Andres Freund <andres@anarazel.de> writes:

#0 0x00000008014321d7 in sbrk () from /lib/libc.so.7
#1 0x0000000801431ddd in sbrk () from /lib/libc.so.7
#2 0x000000080142e5bb in sbrk () from /lib/libc.so.7
#3 0x000000080142e085 in sbrk () from /lib/libc.so.7
#4 0x000000080142de28 in sbrk () from /lib/libc.so.7
#5 0x000000080142e1cf in sbrk () from /lib/libc.so.7
#6 0x0000000801439815 in free () from /lib/libc.so.7
#7 0x000000080149e3d6 in nsdispatch () from /lib/libc.so.7
#8 0x00000008014a41c6 in __cxa_finalize () from /lib/libc.so.7
#9 0x000000080144525c in exit () from /lib/libc.so.7
#10 0x00000000008e1bc2 in quickdie (postgres_signal_arg=3) at postgres.c:2623
#11 <signal handler called>
#12 0x0000000801431847 in sbrk () from /lib/libc.so.7

That looks like independent issue, namely that we're trigger memory
allocations from a signal handler (see frames 12, 11, 10, 9). Presumably
due to system registered atexit handlers. I suspect we should be using
_exit() here? Tom?

I don't think that would improve matters. In the first place, if we use
_exit() here that might encourage third-party extension authors to believe
they should use _exit(), which would be bad. In the second place,
we don't know what it is we're skipping by not running atexit handlers,
and again that could be bad. We don't like people trying to bypass our
on-exit code, why would anyone else? In the third place, by the time we
get to the exit() call we've already exposed ourselves to a whole lot of
such hazards by running ereport() (including sending a message to the
client!). In the fourth place, if we've received a quickdie interrupt,
it doesn't actually matter if the process crashes; we just want it to
quit ASAP.

So I'd say that this is just a cosmetic problem and that trying to fix
it is likely to make things worse.

regards, tom lane

--
Sent via pgsql-hackers mailing list (pgsql-hackers@postgresql.org)
To make changes to your subscription:
http://www.postgresql.org/mailpref/pgsql-hackers

#16Andres Freund
andres@anarazel.de
In reply to: Tom Lane (#15)
Re: quickdie doing memory allocations (was atomic pin/unpin causing errors)

Hi,

On 2016-05-05 15:56:45 -0400, Tom Lane wrote:

Andres Freund <andres@anarazel.de> writes:

#0 0x00000008014321d7 in sbrk () from /lib/libc.so.7
#1 0x0000000801431ddd in sbrk () from /lib/libc.so.7
#2 0x000000080142e5bb in sbrk () from /lib/libc.so.7
#3 0x000000080142e085 in sbrk () from /lib/libc.so.7
#4 0x000000080142de28 in sbrk () from /lib/libc.so.7
#5 0x000000080142e1cf in sbrk () from /lib/libc.so.7
#6 0x0000000801439815 in free () from /lib/libc.so.7
#7 0x000000080149e3d6 in nsdispatch () from /lib/libc.so.7
#8 0x00000008014a41c6 in __cxa_finalize () from /lib/libc.so.7
#9 0x000000080144525c in exit () from /lib/libc.so.7
#10 0x00000000008e1bc2 in quickdie (postgres_signal_arg=3) at postgres.c:2623
#11 <signal handler called>
#12 0x0000000801431847 in sbrk () from /lib/libc.so.7

That looks like independent issue, namely that we're trigger memory
allocations from a signal handler (see frames 12, 11, 10, 9). Presumably
due to system registered atexit handlers. I suspect we should be using
_exit() here? Tom?

I don't think that would improve matters. In the first place, if we use
_exit() here that might encourage third-party extension authors to believe
they should use _exit(), which would be bad.

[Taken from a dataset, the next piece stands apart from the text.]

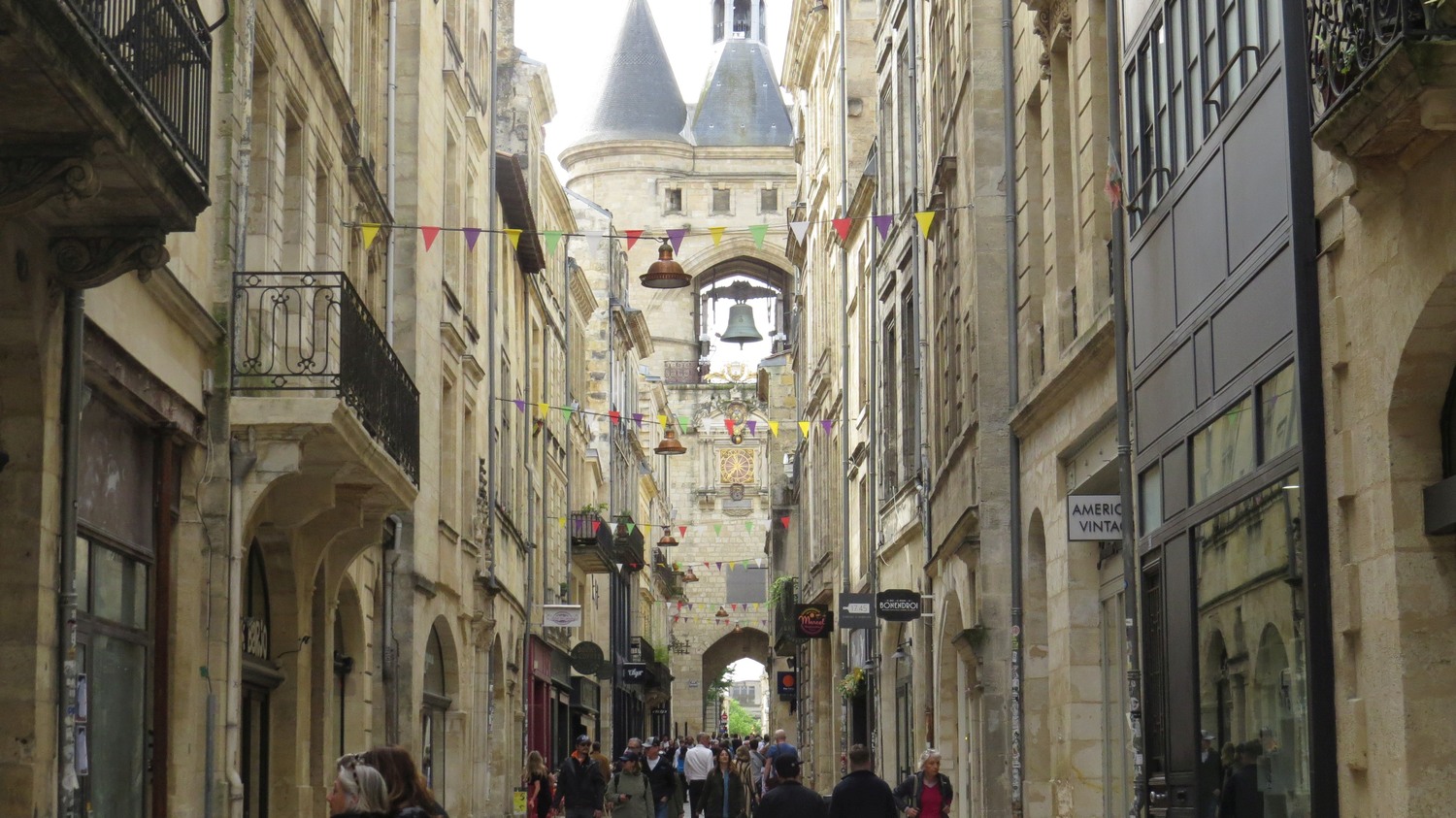 A spectacular bell tower squeezed in between the houses. There is a church adjacent to it on the other side.

The sourcetree already has a number of _exit() calls, so I don't think
that'd make a meaningfull difference.

In the second place, we don't know what it is we're skipping by not
running atexit handlers, and again that could be bad.

I've a hard time coming up with a scenario where that'd be a problem in
a PANIC case. Isn't it pretty common to use _exit after fatal errors
(and forks)?

In the third place, by the time we
get to the exit() call we've already exposed ourselves to a whole lot of
such hazards by running ereport() (including sending a message to the
client!).

True. And that's not good. But the magic of ErrorContext shields us from
a fair amount of issues.

In the fourth place, if we've received a quickdie interrupt,
it doesn't actually matter if the process crashes; we just want it to
quit ASAP.

If it always were crashing, that'd be somewhat fine. But sbrk internally
uses mutexes, so this can result in processes getting stuck. And that is
a problem. There've actually been reports about that every now and then.

Greetings,

Andres Freund

--
Sent via pgsql-hackers mailing list (pgsql-hackers@postgresql.org)
To make changes to your subscription:
http://www.postgresql.org/mailpref/pgsql-hackers

#17Robert Haas
robertmhaas@gmail.com
In reply to: Andres Freund (#11)
Re: quickdie doing memory allocations (was atomic pin/unpin causing errors)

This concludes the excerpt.